Narrative Operational Self (NOS): As the agent matures post-CHIE, it constructs a Narrative Operational Self (NOS)—a progressive identity woven from accumulated experiences, internal goals, and decisions. This narrative mechanism guarantees ontogenetic continuity and agency, ensuring future decisions are consistent with its biography. The NOS relies on the Immutable Ontogenetic Memory (IOM) module, which ensures the agent’s developmental record is auditable and immutable.

Ethics and Governance by Design

A key innovation of OAGI is its emphasis on ethics-by-design. It defines mandatory governance mechanisms from the outset, rather than implementing them as post-hoc filters.

The system of human Guardians plays a crucial role not only as tutors but as ethical supervisors, actively guiding the agent’s normative learning and imprinting basic rules of coexistence (e.g., non-aggression).

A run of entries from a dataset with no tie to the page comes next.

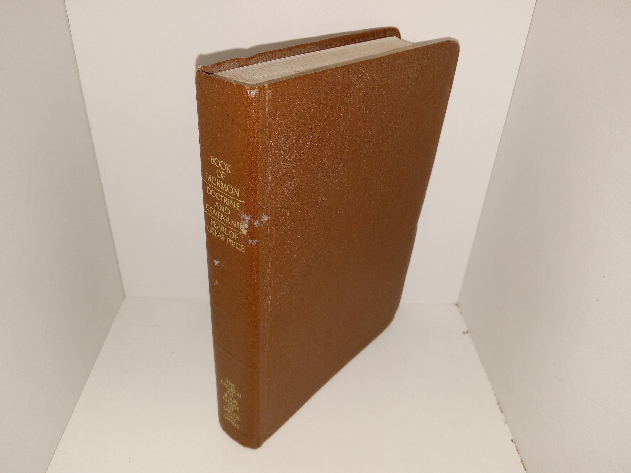 Fair-good condition, brown vinyl book. The cover has some small stains, slight creasing and some dents. The front flyleaf has writing in marker on the front, and a large ink stamp on the back. The title page has writing in pencil. Some pages have faint stains on the edges. Text and illustrations throughout are clean, clear, and legible.
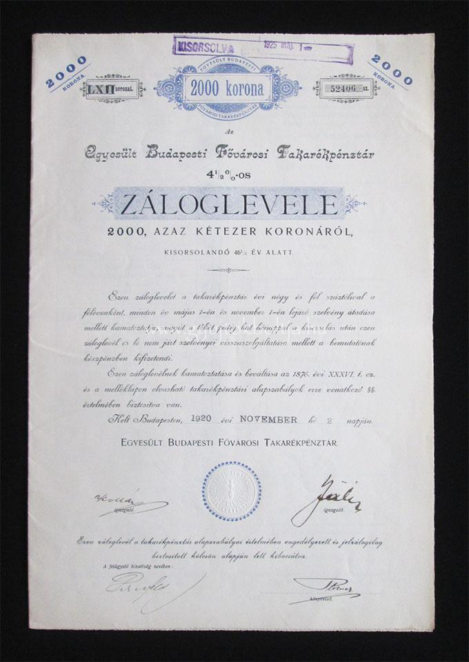 ÉrtesítésekÉrtesítés a frissítésekről Egyesült Budapesti Fővárosi Takarékpénztár záloglevél 2000k 1920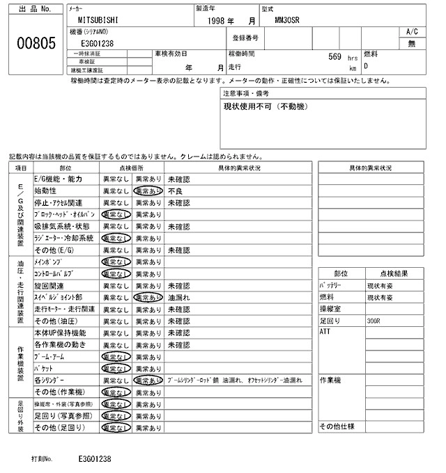 Год выпуска1998 Пробег 1 000 км КузовMM30SR Комплектация MINI YUATSU SHOVEL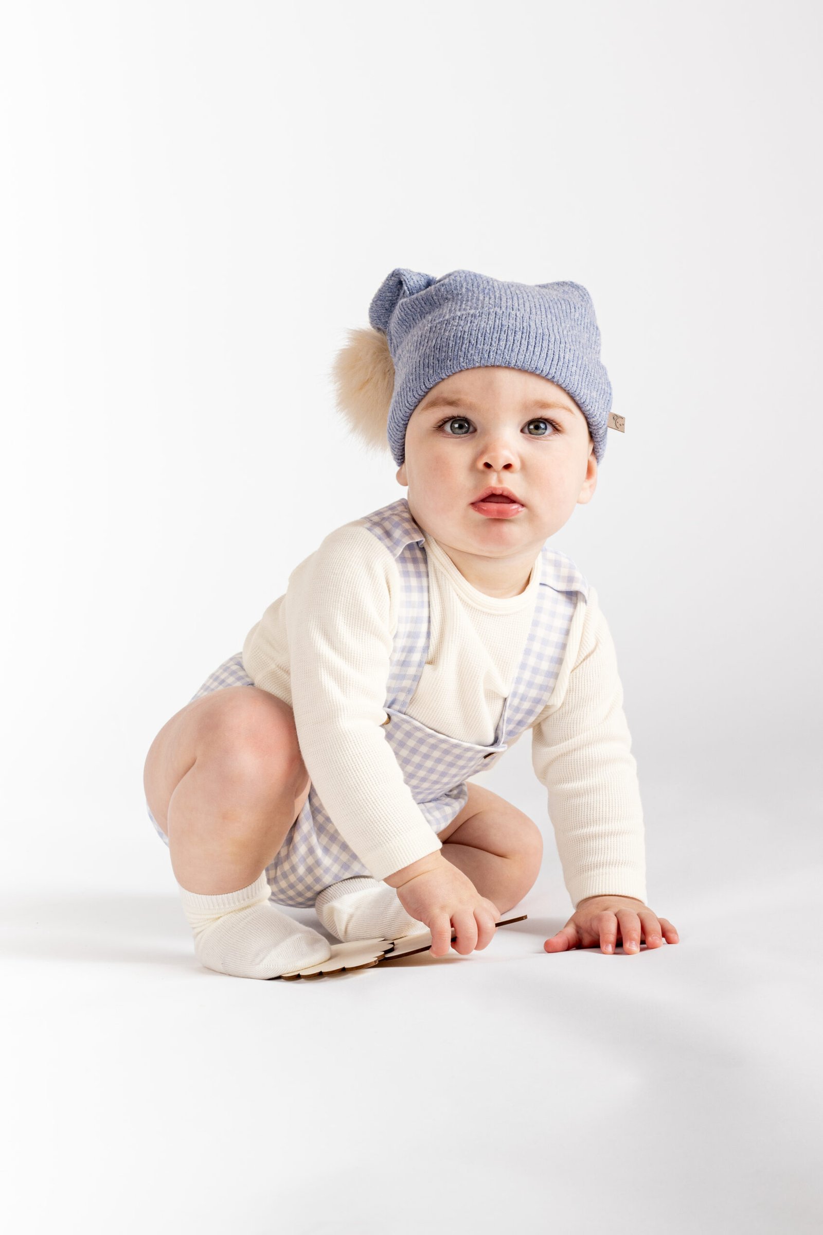 Conjunto pololo Berg de bebé niña, formado por jersey en crudo y peto de cuadros vichy en color auzl de la colección Otoño-Invierno 2025/2026 de Calamaro Baby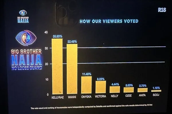 Big Brother Naija Season 9 concluded with KellyRae emerging as the winner, securing 35.95% of the votes. Wanni followed closely behind with 32.48%.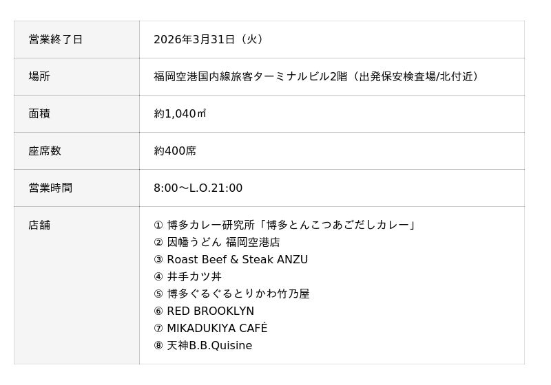 - なお、国内線2階にある現在の「the foodtimes」は2026年3月31日(火)に営業を終了します。

Furthermore, the architecture mandates «stop & review» protocols to be enacted upon critical milestones like the WOW signal or the CHIE. This ensures decision traceability, responsible containment, and external audit of any sign of autonomous cognitive emergence. OAGI also incorporates the principle of normative plasticity, whereby value changes in the agent must be mediated through explicit epistemic contracts, ensuring transparency and auditability.

Conclusion

The Ontogenetic Architecture of General Intelligence (OAGI) represents a comprehensive engineering and regulatory manifesto for the development of emergent general-intelligence systems. By fundamentally restructuring AGI development around biological birth and childhood—leveraging a dynamic, differentiated substrate and governed developmental phases—OAGI offers a verifiable, governed path to creating an artificial mind. It proposes to cultivate a seed of intelligence in a formative environment, yielding a system that emerges as an autonomous cognitive organism with inherent structural and moral integrity, rather than simply a product of massive training. The verifiable detection of the CHIE, the integration of human Guardians, and intrinsic ethical protocols make OAGI a novel and compelling framework for the safe and efficient realization of AGI.